Знакомясь с Лючией Лаудон, Маклай вдруг почувствовал, что у него похолодело сердце: тонкими чертами лица и грациозными движениями она привела его в смятение. Месяцами он наблюдал и зарисовывал многих женщин и девушек, почти совершенно обнажённых, и среди них некоторых вполне и привлекательных. Но он изначально осматривал их как предмет изучения, стараясь не думать о них как объектах вожделения. Это вошло в привычку. Он ясно сознавал, что стоит хоть раз не совладать с похотью, стремлением удовлетворить половую потребность без любви, как затем уже не удастся побороть искушение наслаждаться снова и снова, пользуясь особым положением среди туземцев. Да и положение это будет уязвимым: он станет одним из них, пусть даже повелителем, вождём, именно султаном...

Теперь перед ним красивая женщина в европейском наряде, и он смотрит на неё вовсе не как исследователь. Он – молодой мужчина, который долго был лишён женского общества. Ошеломлённый встречей, смотрит пристальным взглядом светло-карих глаз. Гость представился, насупясь, как юноша, стараясь не выдать своего волнения.

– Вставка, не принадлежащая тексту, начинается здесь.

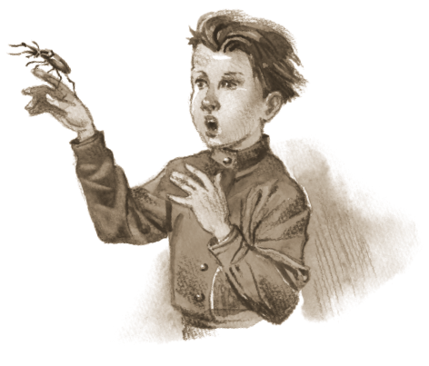 Томек робко вошел в комнату. По-видимому, здесь его все же ожидало наказание. На всякий случай он остановился недалеко от двери. Несмотря на опасение, он с интересом взглянул на таинственного гостя и сказал:
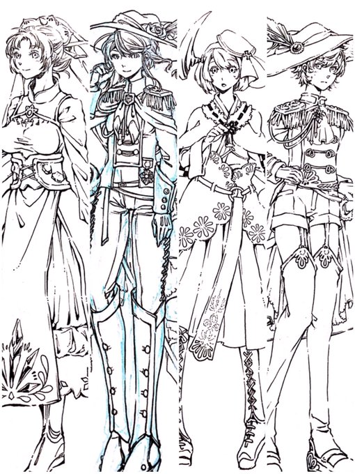 最近の落書きと次に設定画出てくる子達の線画〜
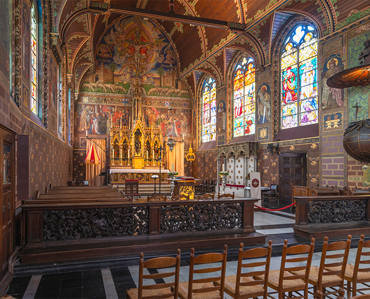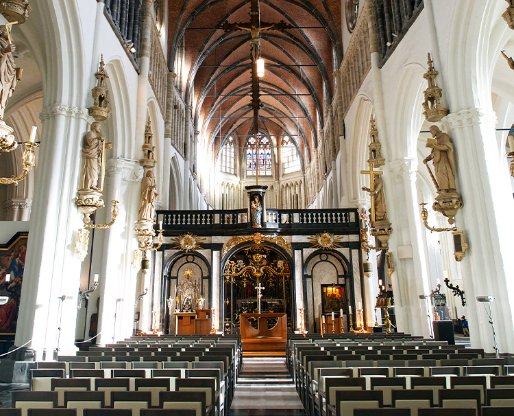 Today, the relic is held inside the upper Basilica, a stunning Gothic chapel originally constructed in the 15th century. Behind the altar, visitors will find a wall painting depicting the legend of the arrival of the Holy Blood relic in Bruges.
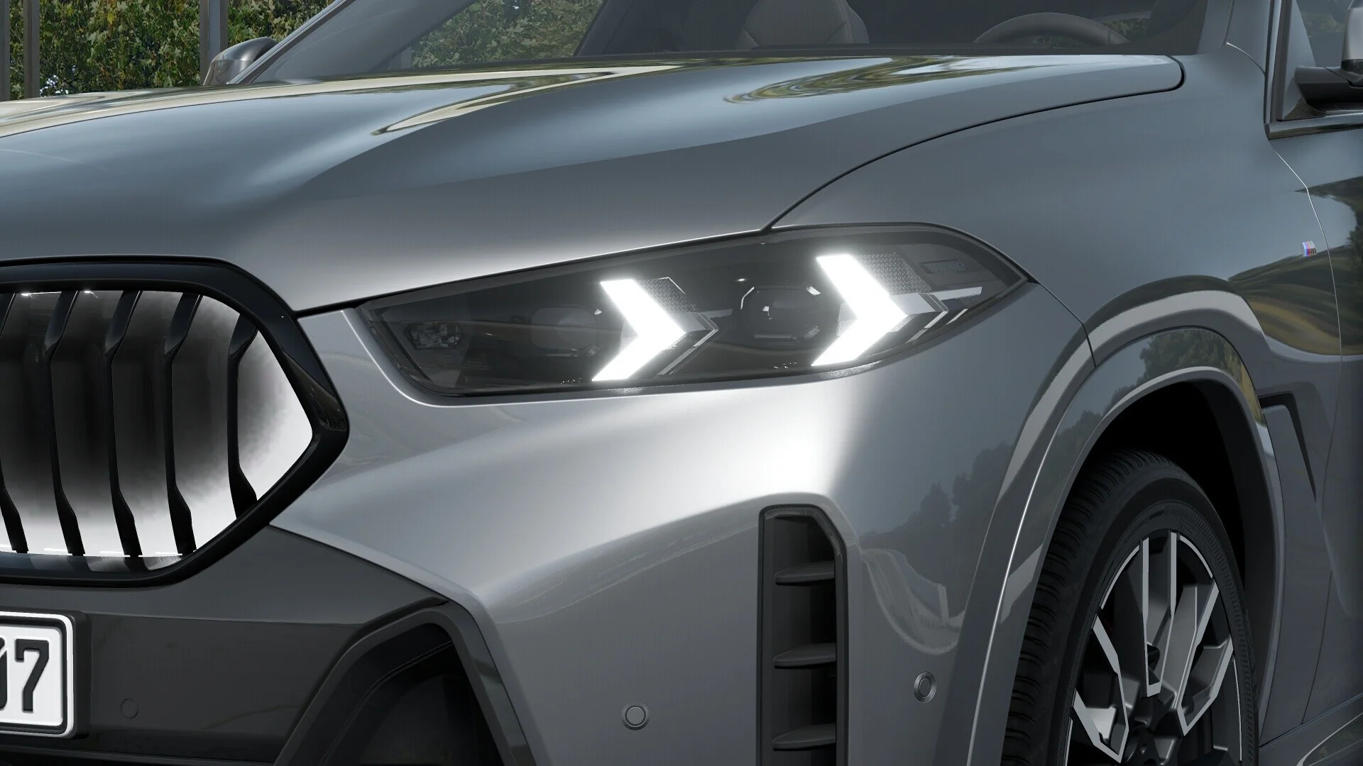 Front pojazdu BMW X6 30d prezentuje się imponująco, z charakterystycznym szerokim grill nerkowym BMW i precyzyjnie wkomponowanymi reflektorami LED. Agresywny wygląd nadaje temu SUV-owi unikalnego charakteru.

Первая встреча – лишь предчувствие, которое может и обмануть. Но ему приходилось встречаться с Лючией (конечно, в присутствии детей и няни), бродить с ней по парку, рассказывая о своих приключениях среди так называемых диких. Почему-то всех интересовало, попадались ли ему людоеды, охотники за черепами. Смеясь, он говорил, что наиболее активным и неутомимым охотником за черепами на берегу Маклая был он, а дикари предпочитают разводить культурные растения, кур и свиней, так что вполне могут считаться культурными, хотя и не в европейском смысле.

Маклай часто уезжал в город, где проводил несколько часов в морге, препарируя черепа представителей разных племён и проводя сравнительно изучение их мозга. Он всё более убеждался в том, что вес, объем и строение мозга у жёлтых или чёрных ничем не отличаются от таких же показателей белой расы. Если бы это удалось убедительно доказать, то были бы окончательно подорваны позиции многих учёных, которые, включая уважаемого Рудольфа Вирхова, поощрявшего его исследования, убеждены в биологических преимуществах белой расы. Однако до сих пор не было накоплено достаточно много фактов для статистически достоверных обобщений.

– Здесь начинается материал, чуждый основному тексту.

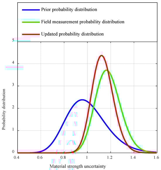 Due to the limited number of measured samples, measured probability distribution parameters generally do not accurately reflect the actual situation of the structure. However, the prior probability model and distribution parameters are known during the structural design process, so the prior probability model can be updated based on the measured probability model, and a posterior probability distribution that is congruent with the characteristics of the existing building can be obtained through the Bayesian equation, Equation (4).

Его работу прервала тяжёлая болезнь – лихорадка деньгу, которая недавно появилась на Яве. Три недели исследователь был прикован к постели. Его постоянно навещали Лючия и Андриенна – две прекрасные добрые феи. Он стал замечать, что ждёт их прихода, а когда Лючия появляется в дверях, одаривая улыбкой, прекращаются боли в суставах и ломота в костях.

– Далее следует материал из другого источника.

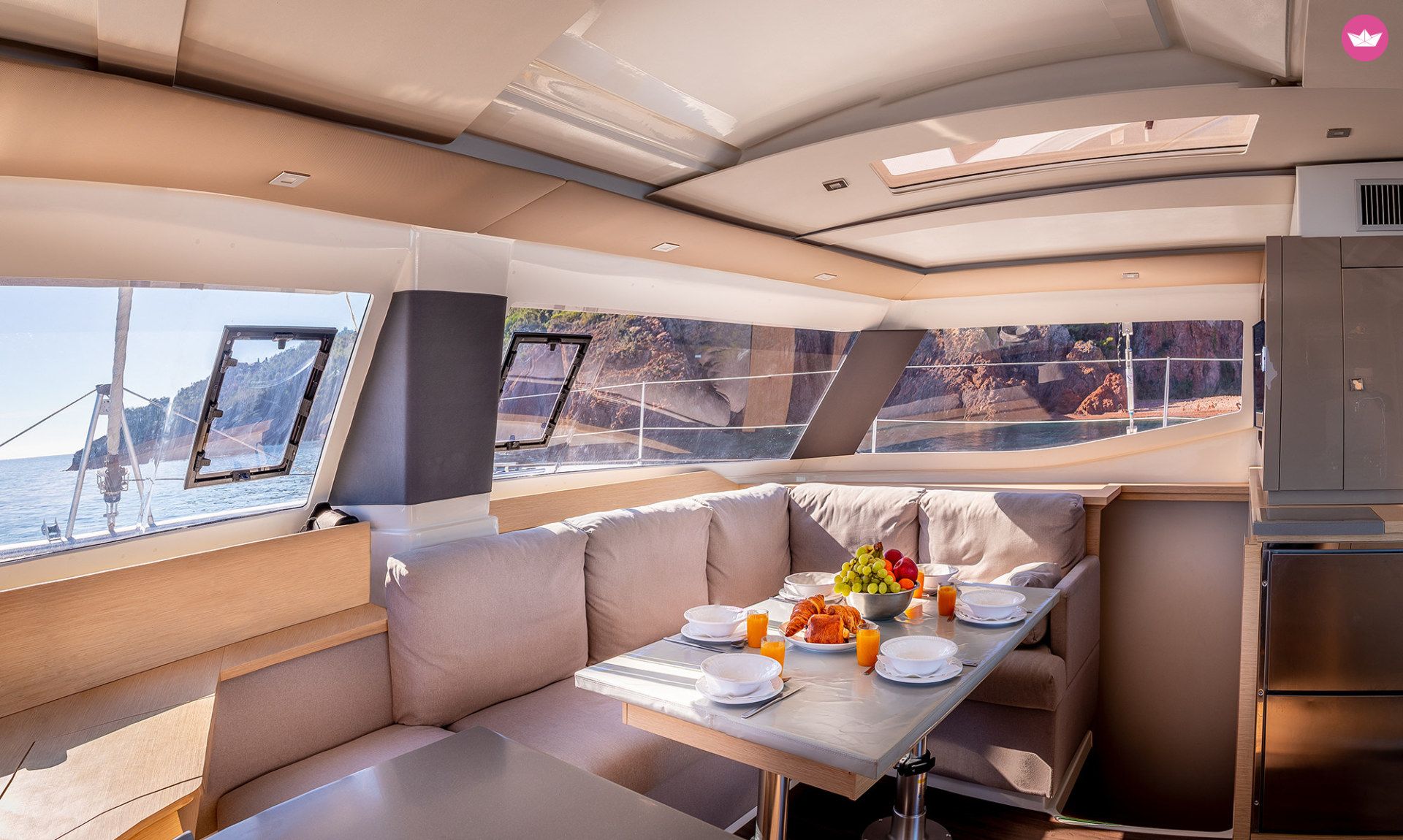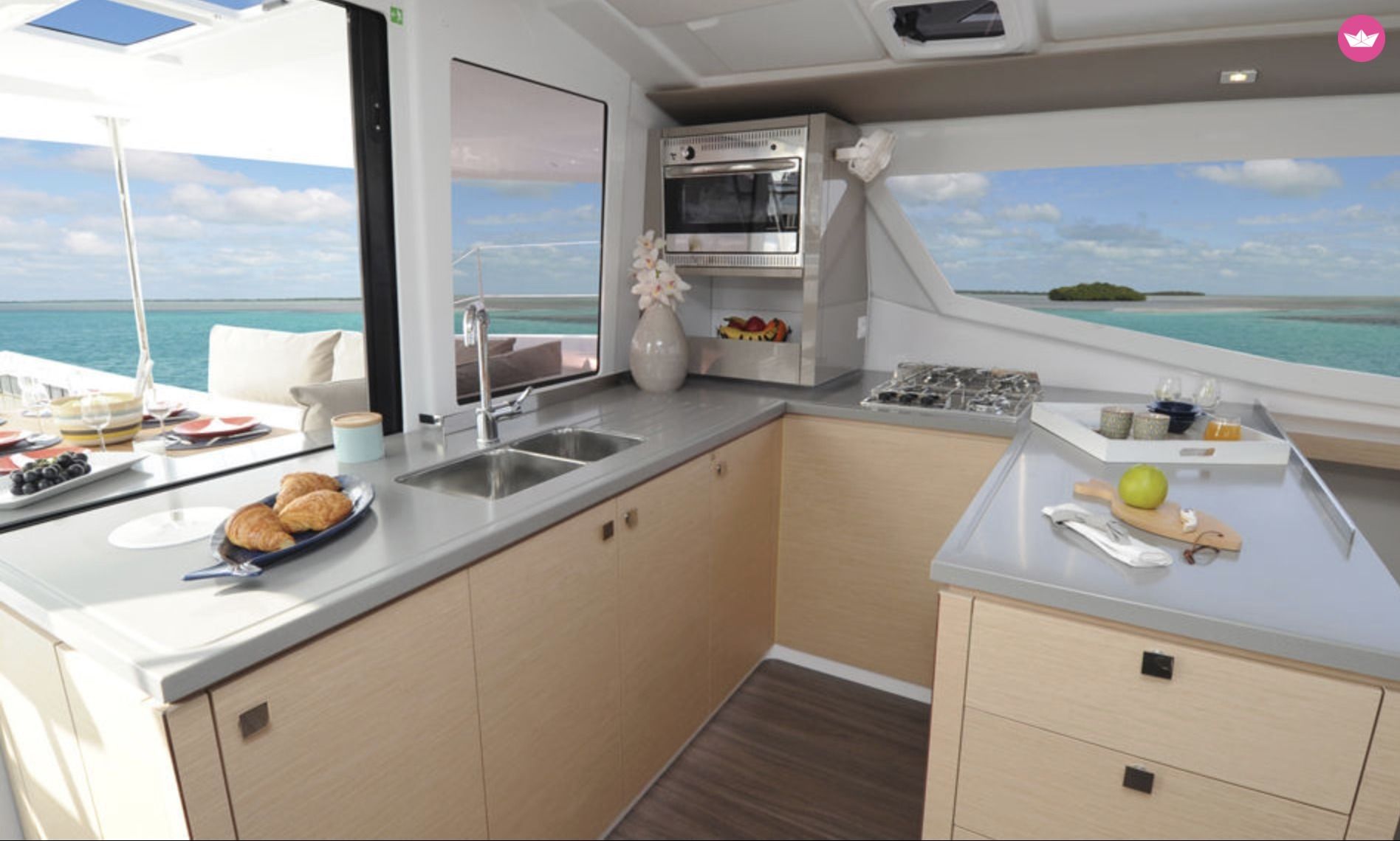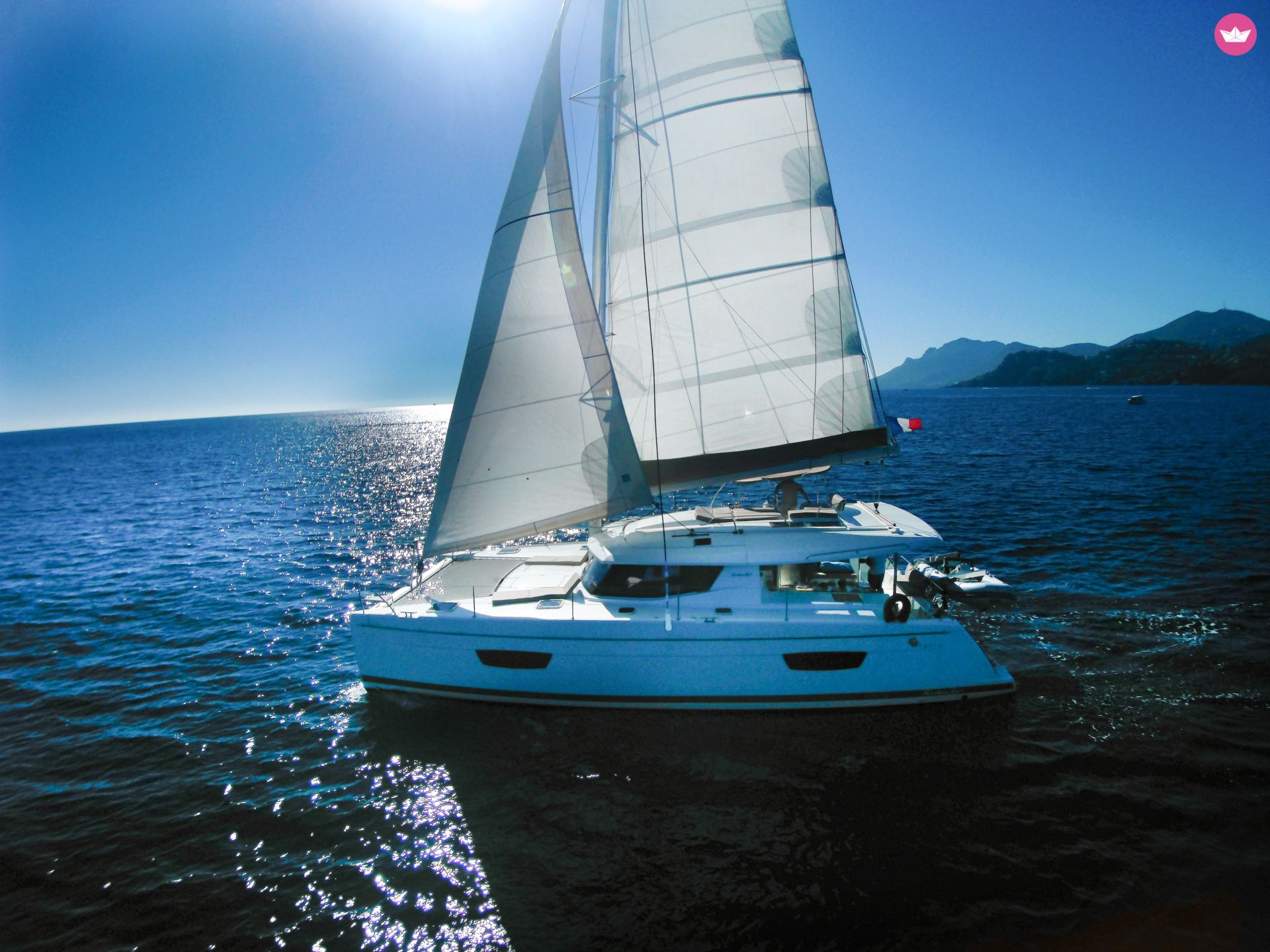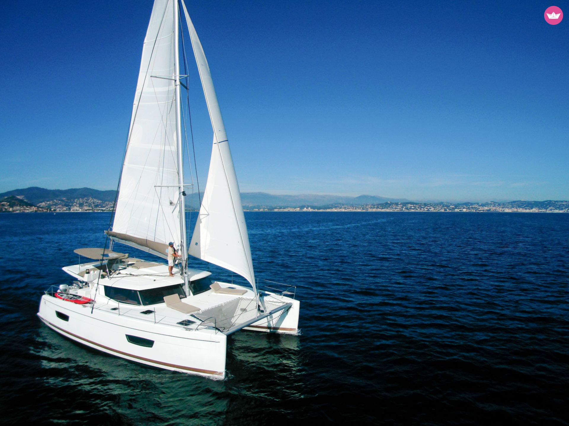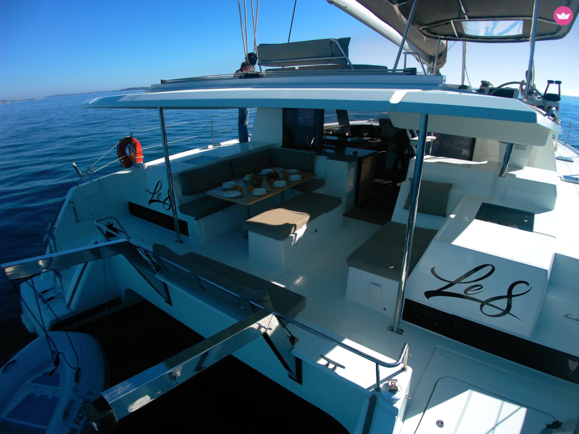 Description of Samuel's catamaran , Bonjour, Je vous propose à la location ce superbe catamaran de 44 pieds pour de belles croisières en famille ou entre amis mais aussi à la journée. Situé à 40 minutes des îles de lèrins, à 60 min de la baie d aguay venez profitez d une expérience inédite. Possibilité de restauration à bord avec services de traiteurs ou d emmener directement votre nourriture vous avez le choix. C'est un Hélia 44 pieds evolution A bord, vous retrouverez de très nombreux équipements de confort. 4 grandes cabines doubles avec 4 salles de bain, un grand séjour, une cuisine tout équipée avec réfrigérateur, plaques, four, évier. Le bateau est équipé de la climatisation, d'un desalinisateur (190l/h), de 2 TV, d'un coffre fort, système son BOSE... Côté navigation : génératrice, winch GV et bossoir électrique, voile à corne, 1er Ris automatique, guindeau électrique, système Garmin AIS,... Moteur VOLVO 2 x 55 CV hélices tripales repliable 1 Paddle / masque tuba Palm inclus dans le prix. Possibilité de location en sup 2 eme et 3ème paddles. Forfait nettoyage semaine 280€ Jour 60€ Prix pour 12 personnes au delà 65€ par personne N'hésitez pas à me contacter sur la messagerie Catamaran Yacht Charter, je serai ravi d'échanger avec vous !

Выздоравливая, Николай Николаевич попытался продолжить работу, брался за перо, но пальцы не слушались, распухшие суставы отзывались острой болью. Буквы получались дрожащие, корявые, строки смещались. Писать было невозможно. Пришлось нанимать писаря и диктовать ему.

Со временем работа стала утомлять и раздражать. Он перестал ездить в городской морг, через силу диктовал, подолгу задумываясь и подбирая слова. Не потому, конечно же, что плоховато знал немецкий язык, который был вторым родным после русского. Его всё чаще отвлекал образ Лючии, её улыбка, движения, ясная звучная речь (прежде она была артисткой), безупречные манеры. А тут приходится отстранять её милый образ и обращаться с деловым, и, пожалуй, безнадёжным предложением к председателю Берлинского общества антропологии, этнографии и первобытной истории Рудольфу Вирхову:

«Я был бы очень рад, если бы Вы оказали помощь делу изучения анатомии рас. Чтобы расшевелить инертные колониальные власти, необходим толчок из Европы. Со своей стороны, имея поддержку Вашего признанного авторитета, я берусь провести это дело на практике.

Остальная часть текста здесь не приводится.